15 years ago I had my picture taken next to this tree, right before that I got married. According to my wedding invitations, on that day I married my friend. It said it right on the front, “on this day I marry my friend”, or something like that. I still see that design used all these years later. Can I tell you, I HATE that, what is it, an expression, motto, creed? “Marry my friend”. How about something more accurate… “Today I marry my insurance provider, baby momma, girlfriend, fiancé, lover,”… how about “We have seen each other naked and we are going to make a go of it.” (Sorry mom – she is one of the 3 people who reads this, I say something stupid like that – lost 1/3 of my readers and I am probably gonna get a phone call). But there are so many better choices than “marry my friend”.
So ask, but Tim, why does it bother you, the “Marry Friend” thing? Well, I did not marry my friend that day, yes we were friends before we started dating, but I have friends, less now than then, but I do have some – I think, and hell I would never marry any of them, sorry. And they would not be stupid enough to marry me. If I had really married a friend, I’d been divorced and remarried a bunch of times over the last 15 years. I sucked at keeping friends – especially in the days before Facebook, just ask them, if you can find them. My wife is something different, she puts up with my crap, she balances out my defects, she enhances my strengths. My friends tell me to shut up, think I am crazy, mumble about me on their way home. She is a hell of a lot more than my friend. That’s exactly why I married her.

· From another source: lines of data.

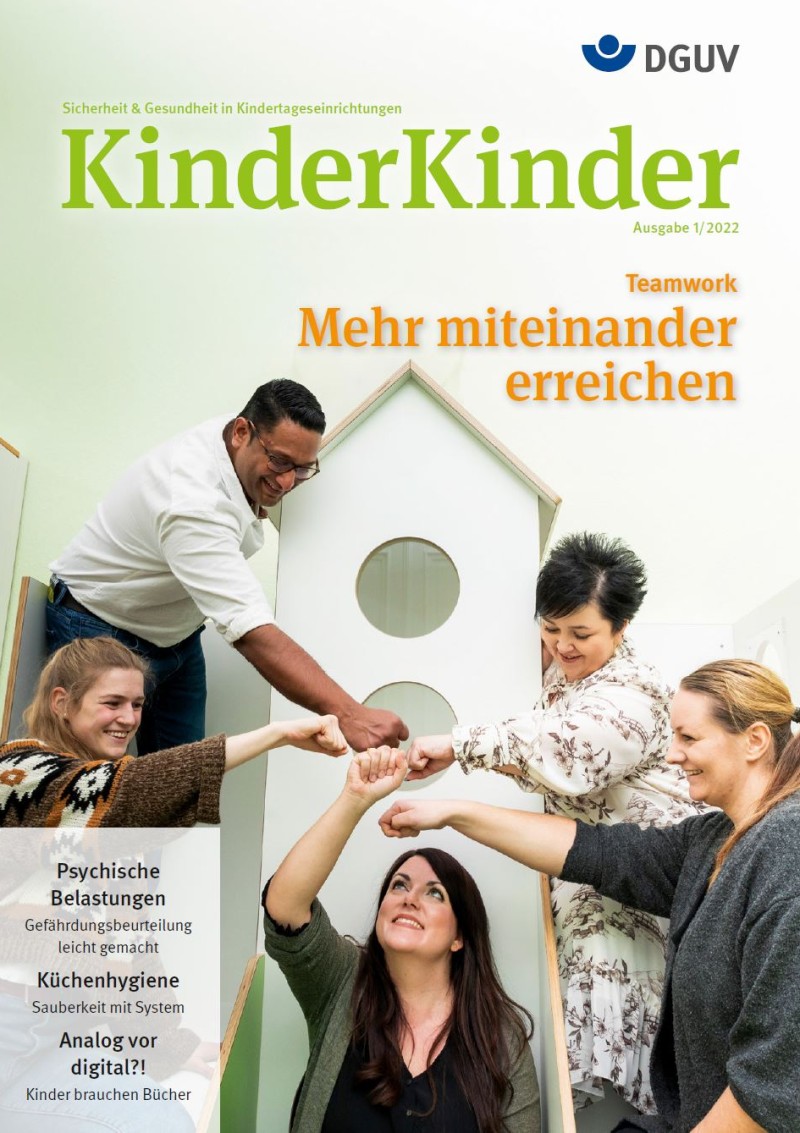 Mehr zum Thema Teambildung und wertschätzende Kommunikation lesen Sie in der neuen Ausgabe von "KinderKinder" das Magazin für Sicherheit und Gesundheit in Kindertageseinrichtungen. "KinderKinder" erscheint vier Mal im Jahr und wird vertrieben über die regional zuständigen Unfallkassen.
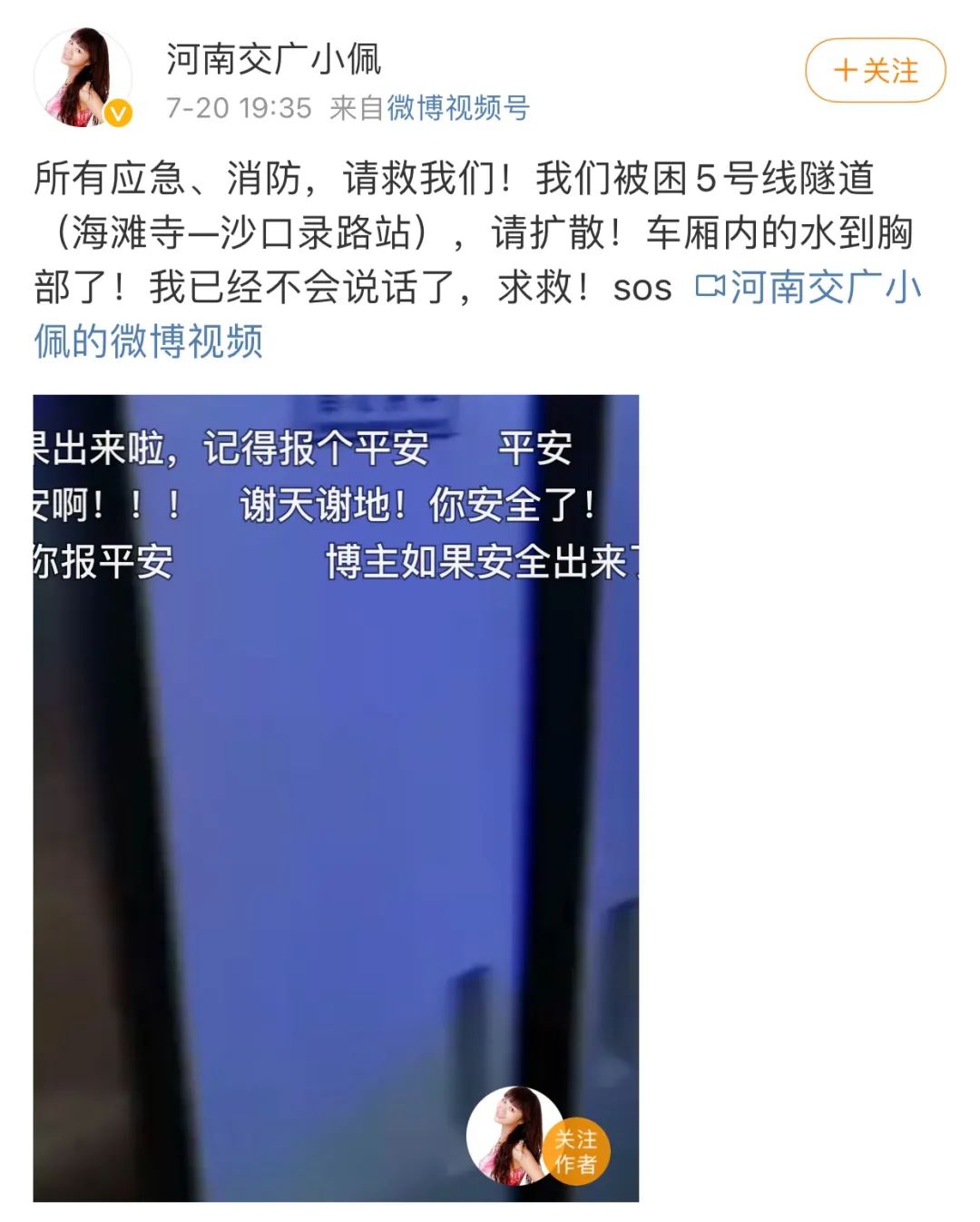 這期間,還有很多人通過社交媒體向外求救,河南交通廣播記者小佩發微博寫道:
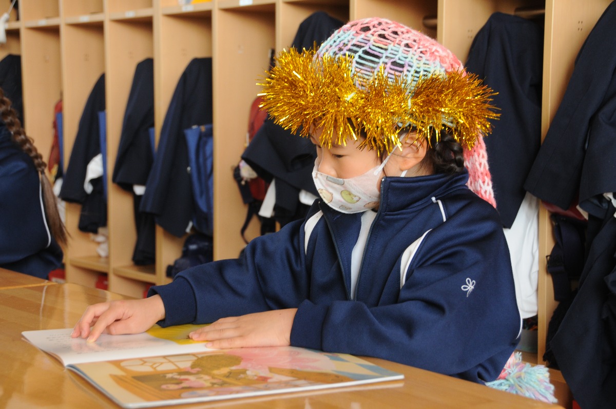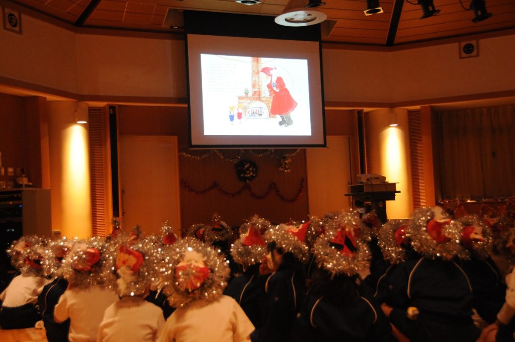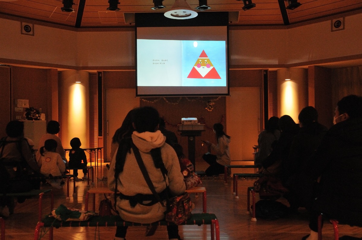 サンタクロースとさようならをした後は、絵本「さんかくサンタ」の読み聞かせ会に。
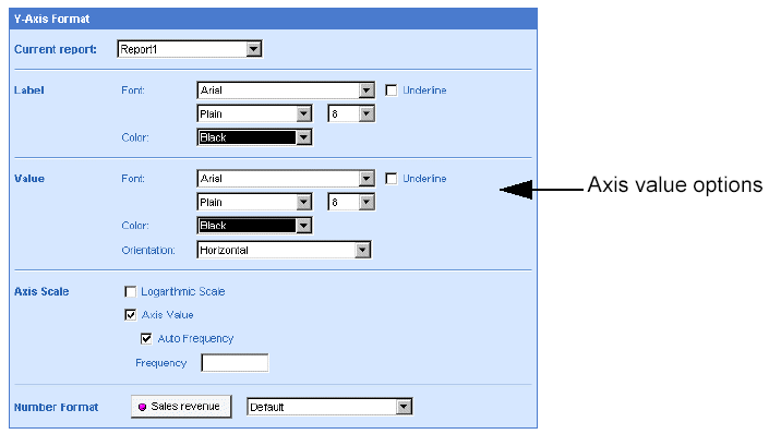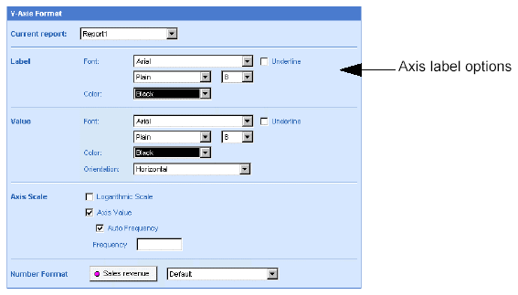 You can specify how numbers, currencies, dates, and times are formatted on chart axes. This is referred to globally as selecting a number format.
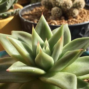 お一人様のカシミアちゃん❤️ 植え替えしたら。。またまた色が変わったね😊✨貴女は周りで守ってあげないと倒れちゃう🍀 葉の付け根が紅くて美しい❤️
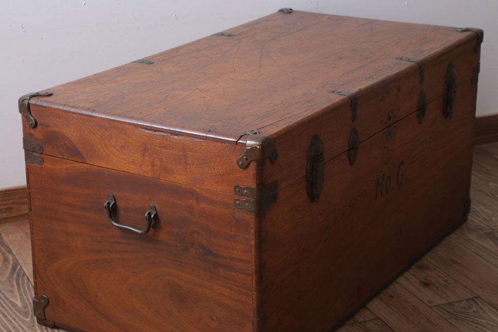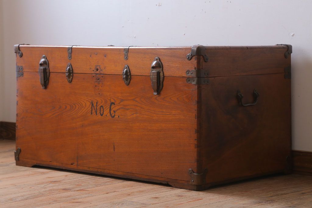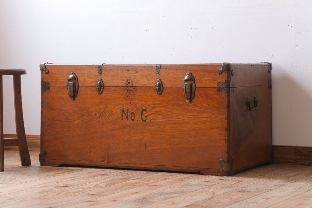 アンティーク雑貨 和製アンティーク 古い木製の大きなトランク(1)
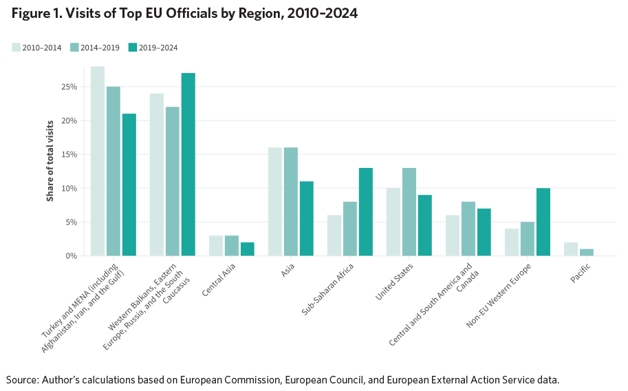 32This and the following calculations are based on data provided by the European External Action Service. Data for the previous institutional cycles are taken from Lehne and Tseminidou, “Where in the World”; and Lehne and Siccardi, “Where in the World.”
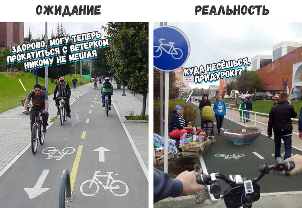 Клумбы, может, и не ставят, но пешеходы не очень различают и не понимают, зачем там какие-то велосипедики на их тротуаре нарисовали
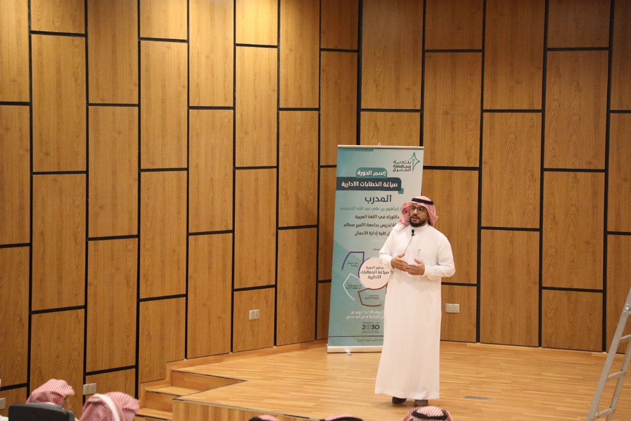 امتدادًا للبرامج التطوعية التي تقدمها كلية إدارة الأعمال في حوطة بني تميم خدمةً للمجتمع؛ قدّم وكيل الكلية للشؤون التعليمية والأكاديمية د. إبراهيم بن علي آل مسلّم التميمي برنامجًا تدريبيًّا، تحت عنوان: (صياغة الخطابات الإدارية وتحريرها)، لمنسوبي بلدية محافظة الخرج، يوم الأربعاء ١٤٤٤/٣/١٦هـ.
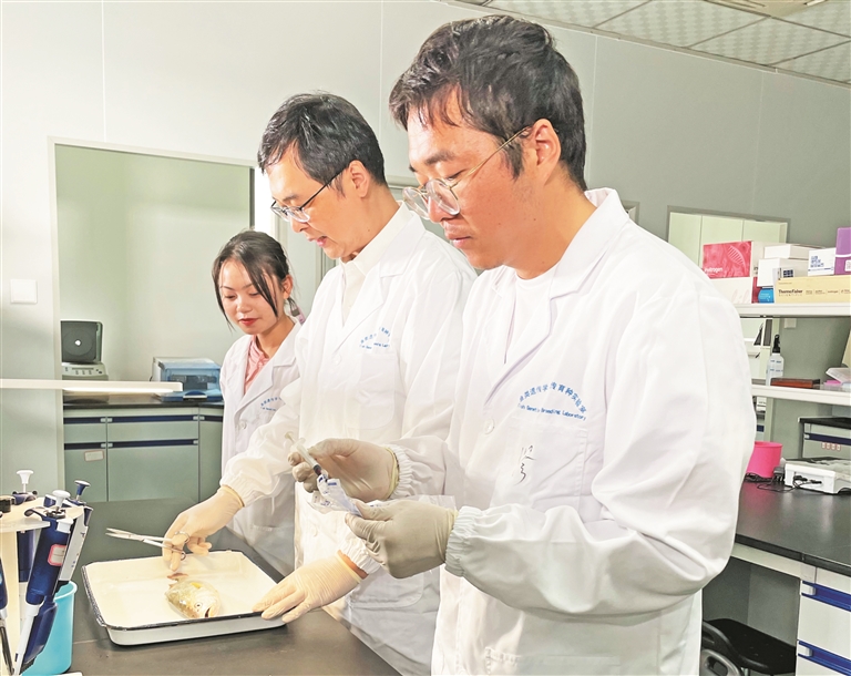 4月15日,在海水养殖生物育种全国重点实验室,技术人员忙着大黄鱼育种的“芯”技术攻关,力争养出“最优秀”的大黄鱼。

I knew all of this long before I had my picture taken next to that tree. Before I had what I consider the dumbest photo I have ever been in, forehead to forehead, looking like it was natural, but it was not. I remember the conversation we had during the shooting of it. Paraphrasing, it was something like … “I told you we should have just gotten married without all these people around.” and “good thing it did not rain, I never ordered the tent and we had no back up plan, we’d be screwed.” It is funny because now that I shoot weddings as a photographer, I get to hang out with brides and grooms and share in these moments. I overhear all the beautiful, romantic things they say during these “poses”. Yet, I have never heard anyone say, “Screw your Mom, I like the center pieces” (now I lost another reader – sorry CB, you’re the best, I am not sure if she reads this anyway).
That’s why we work, we are comfortable in the logistics, yet she knows how I feel. Anyway, she went away and is not here today, so on the way home from work I stopped at the tree and was going to post it for her to see.. nice gesture right? I noticed the tree has a scar, right above the branch on the right, I thought it was fitting, it is obvious it has it some hard times in the last 15 years. It is definitely wider, a bit grayer, aged and looks like it lost a branch. I have all my limbs, but I know how it feels. It is still standing though, stronger, more secure and with deeper roots than it was back when we took the photo. Corny but true. I like the tree, it made me happy to see it, though I hate the original photo (beautifully taken though by Bennett Photography – it’s not his fault I am in it) – I just don’t like having my picture taken, the only good thing is I always look better when Barbara is next to me. So did the tree.
p.s. I add the original shot below and a current picture of the very spot we were married (we stood where the plow sits), right across from the tree. Good to know it is still an important spot.